Séduisant en théorie, le plan de Kimura ne put réellement s’appliquer dans la pratique. Son armée en Birmanie était minée par des problèmes majeurs de ravitaillement, sans oublier qu’elle subissait les attaques aériennes continuelles de l’aviation alliée. Bien équipées et ravitaillées, les troupes chinoises s’emparèrent de Lashio le 7 mars, ce qui permit de rouvrir un accès direct vers la frontière de leur pays. Du côté américain, leurs troupes attaquèrent les lignes de ravitaillement ennemies au sud de Mandalay, ce qui força Kimura à abandonner cette dernière localité le 20 mars.

Conclusion

Le renouvellement des offensives alliées au printemps de 1945 signifia une seule chose dans la perspective japonaise : l’incapacité de maintenir cette fameuse ligne défensive d’Akyab-Mandalay-Lashio mentionnée précédemment. Sous les pressions combinées des forces anglo-américaines, la capitale Rangoon finit par tomber à la suite d’un assaut amphibie précédemment préparé par des largages parachutistes le 2 mai. De ce moment et jusqu’à la capitulation japonaise le 15 août, le reste de la campagne militaire de Birmanie se solda par des actions éparses afin d’éliminer des poches isolées de résistance ennemie.
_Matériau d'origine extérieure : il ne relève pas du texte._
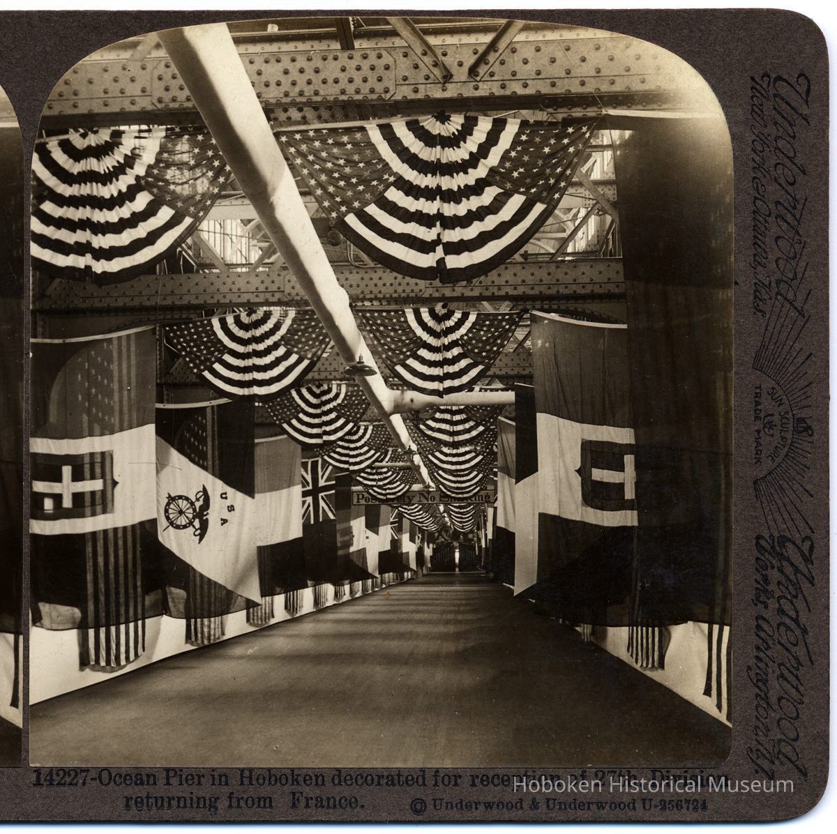 Stereoview: 14227 - Ocean Pier in Hoboken decorated for reception of 27th, Division returning from France. Underwood & Underwood. N.d., ca. 1919-1920.
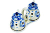 This Long Lavender 7" Salt and Pepper Set was handmade and hand decorated in Boleslawiec, Poland by skilled artisans according to old traditional methods. This is a Polish pottery Signature Unikat, which means that it has been hand painted with both sponges and brushes and it is signed by the artist who painted it. Unikat pieces are the most intricate works of art. Larger Unikat items take hours of very careful work to finish. This Polish stoneware is microwave, dishwasher, freezer, and oven safe up to 480°F. It does not contain lead or cadmium. It is part of the Long Lavender Collection.
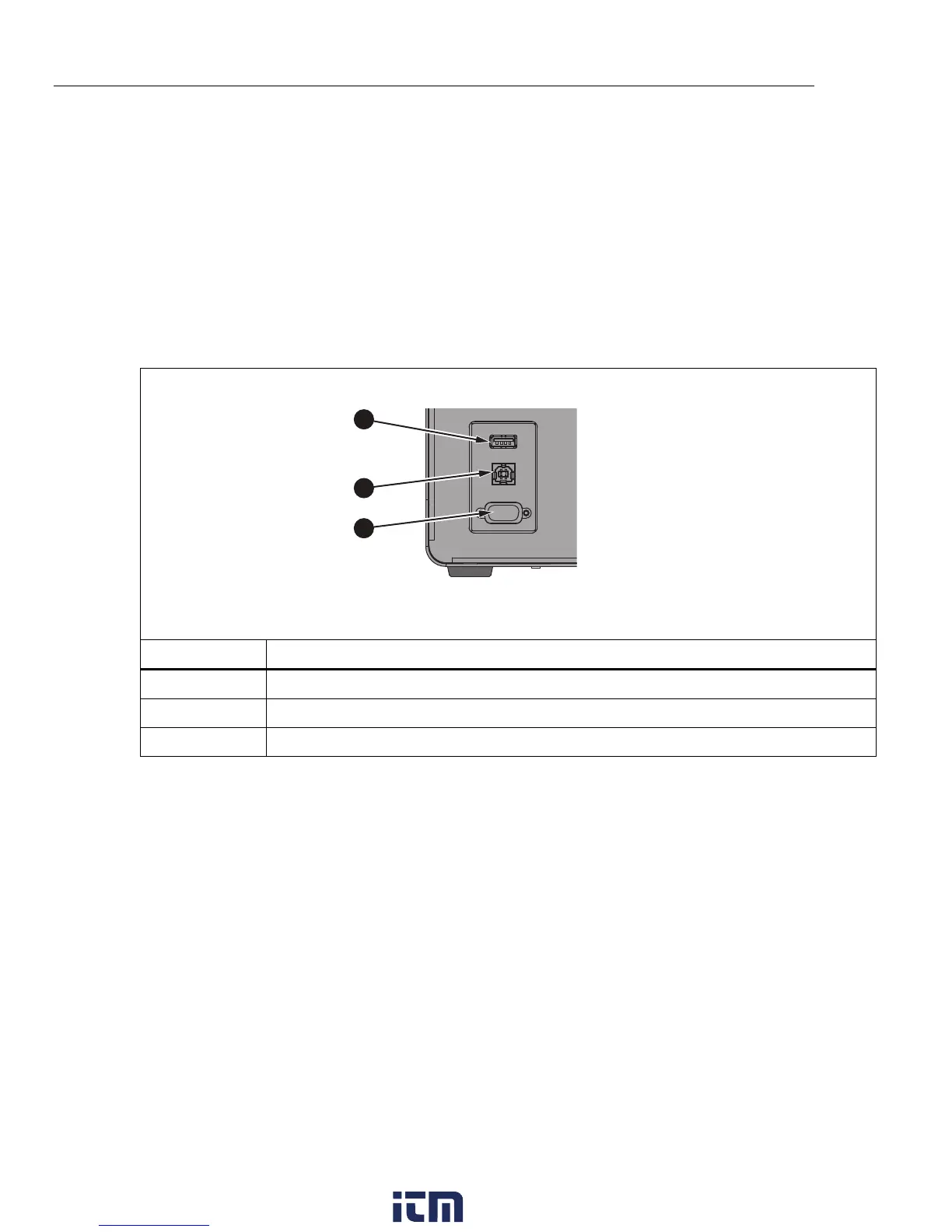 Ports for the USB device and RS-232 interface are located in the lower-left area
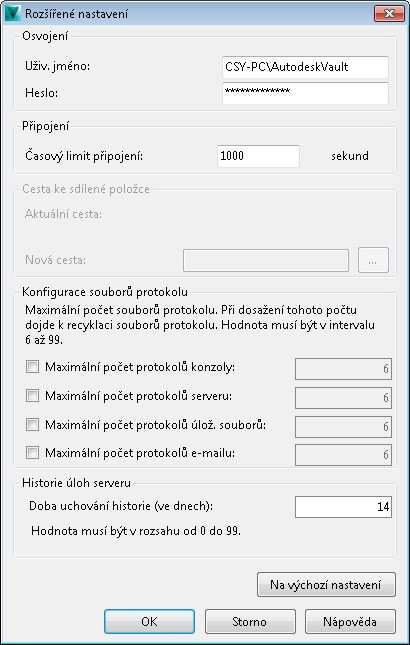 Můžete konfigurovat počet protokolů konzoly, serveru a e-mailu, které se na serveru úložiště uchovávají. Minimální výchozí hodnota je 6 protokolů. Maximální počet protokolů pro jeden typ je 99.

Cela étant, la campagne de Birmanie peut nous apparaître obscurcie par d’autres phases militaires de plus grande ampleur de la Seconde Guerre mondiale. Il n’en demeure pas moins qu’elle fut l’une des plus meurtrières pour un théâtre d’opérations d’importance « secondaire ». À cet égard, il n’existe pas de données fiables établissant les pertes enregistrées par les forces chinoises. Par contre, on estime à plus de 71,000 le nombre de soldats du Commonwealth britannique tombés, à près de 9,000 pour les Américains, contre 106,000 hommes perdus par l’armée japonaise.